Exercise brief
Type out the listing again, exactly, with every line included.

Extracted entries
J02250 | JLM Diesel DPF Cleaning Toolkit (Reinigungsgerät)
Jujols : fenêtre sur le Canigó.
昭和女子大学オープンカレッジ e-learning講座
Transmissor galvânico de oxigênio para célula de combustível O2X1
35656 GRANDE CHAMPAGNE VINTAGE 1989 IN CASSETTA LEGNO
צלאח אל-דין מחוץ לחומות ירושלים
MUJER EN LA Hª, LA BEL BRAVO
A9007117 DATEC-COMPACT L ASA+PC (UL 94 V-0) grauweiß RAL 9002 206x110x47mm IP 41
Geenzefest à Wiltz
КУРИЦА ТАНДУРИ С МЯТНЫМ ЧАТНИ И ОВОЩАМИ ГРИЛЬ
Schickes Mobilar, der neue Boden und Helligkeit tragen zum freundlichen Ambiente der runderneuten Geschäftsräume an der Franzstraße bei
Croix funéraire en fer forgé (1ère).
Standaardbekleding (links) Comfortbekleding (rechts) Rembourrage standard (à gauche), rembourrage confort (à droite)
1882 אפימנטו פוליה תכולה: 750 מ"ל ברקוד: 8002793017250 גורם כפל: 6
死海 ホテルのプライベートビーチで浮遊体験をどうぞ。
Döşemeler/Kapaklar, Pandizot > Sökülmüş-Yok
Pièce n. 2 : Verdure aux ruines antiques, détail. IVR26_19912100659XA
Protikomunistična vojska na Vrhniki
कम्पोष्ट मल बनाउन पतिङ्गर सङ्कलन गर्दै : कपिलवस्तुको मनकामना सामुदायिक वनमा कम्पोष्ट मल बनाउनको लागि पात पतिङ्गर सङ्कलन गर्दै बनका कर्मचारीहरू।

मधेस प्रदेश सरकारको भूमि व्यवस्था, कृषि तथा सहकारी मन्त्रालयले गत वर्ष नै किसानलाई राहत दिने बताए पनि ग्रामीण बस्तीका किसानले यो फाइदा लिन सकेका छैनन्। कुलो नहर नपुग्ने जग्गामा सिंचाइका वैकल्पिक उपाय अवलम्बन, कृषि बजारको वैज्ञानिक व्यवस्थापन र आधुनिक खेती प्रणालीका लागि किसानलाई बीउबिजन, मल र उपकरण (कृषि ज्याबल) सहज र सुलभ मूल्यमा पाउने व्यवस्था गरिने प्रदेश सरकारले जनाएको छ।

Task solution
J02250 | JLM Diesel DPF Cleaning Toolkit (Reinigungsgerät)
Jujols : fenêtre sur le Canigó.
昭和女子大学オープンカレッジ e-learning講座
Transmissor galvânico de oxigênio para célula de combustível O2X1
35656 GRANDE CHAMPAGNE VINTAGE 1989 IN CASSETTA LEGNO
צלאח אל-דין מחוץ לחומות ירושלים
MUJER EN LA Hª, LA BEL BRAVO
A9007117 DATEC-COMPACT L ASA+PC (UL 94 V-0) grauweiß RAL 9002 206x110x47mm IP 41
Geenzefest à Wiltz
КУРИЦА ТАНДУРИ С МЯТНЫМ ЧАТНИ И ОВОЩАМИ ГРИЛЬ
Schickes Mobilar, der neue Boden und Helligkeit tragen zum freundlichen Ambiente der runderneuten Geschäftsräume an der Franzstraße bei
Croix funéraire en fer forgé (1ère).
Standaardbekleding (links) Comfortbekleding (rechts) Rembourrage standard (à gauche), rembourrage confort (à droite)
1882 אפימנטו פוליה תכולה: 750 מ"ל ברקוד: 8002793017250 גורם כפל: 6
死海 ホテルのプライベートビーチで浮遊体験をどうぞ。
Döşemeler/Kapaklar, Pandizot > Sökülmüş-Yok
Pièce n. 2 : Verdure aux ruines antiques, détail. IVR26_19912100659XA
Protikomunistična vojska na Vrhniki
कम्पोष्ट मल बनाउन पतिङ्गर सङ्कलन गर्दै : कपिलवस्तुको मनकामना सामुदायिक वनमा कम्पोष्ट मल बनाउनको लागि पात पतिङ्गर सङ्कलन गर्दै बनका कर्मचारीहरू।

मधेस प्रदेश सरकारको भूमि व्यवस्था, कृषि तथा सहकारी मन्त्रालयले गत वर्ष नै किसानलाई राहत दिने बताए पनि ग्रामीण बस्तीका किसानले यो फाइदा लिन सकेका छैनन्। कुलो नहर नपुग्ने जग्गामा सिंचाइका वैकल्पिक उपाय अवलम्बन, कृषि बजारको वैज्ञानिक व्यवस्थापन र आधुनिक खेती प्रणालीका लागि किसानलाई बीउबिजन, मल र उपकरण (कृषि ज्याबल) सहज र सुलभ मूल्यमा पाउने व्यवस्था गरिने प्रदेश सरकारले जनाएको छ।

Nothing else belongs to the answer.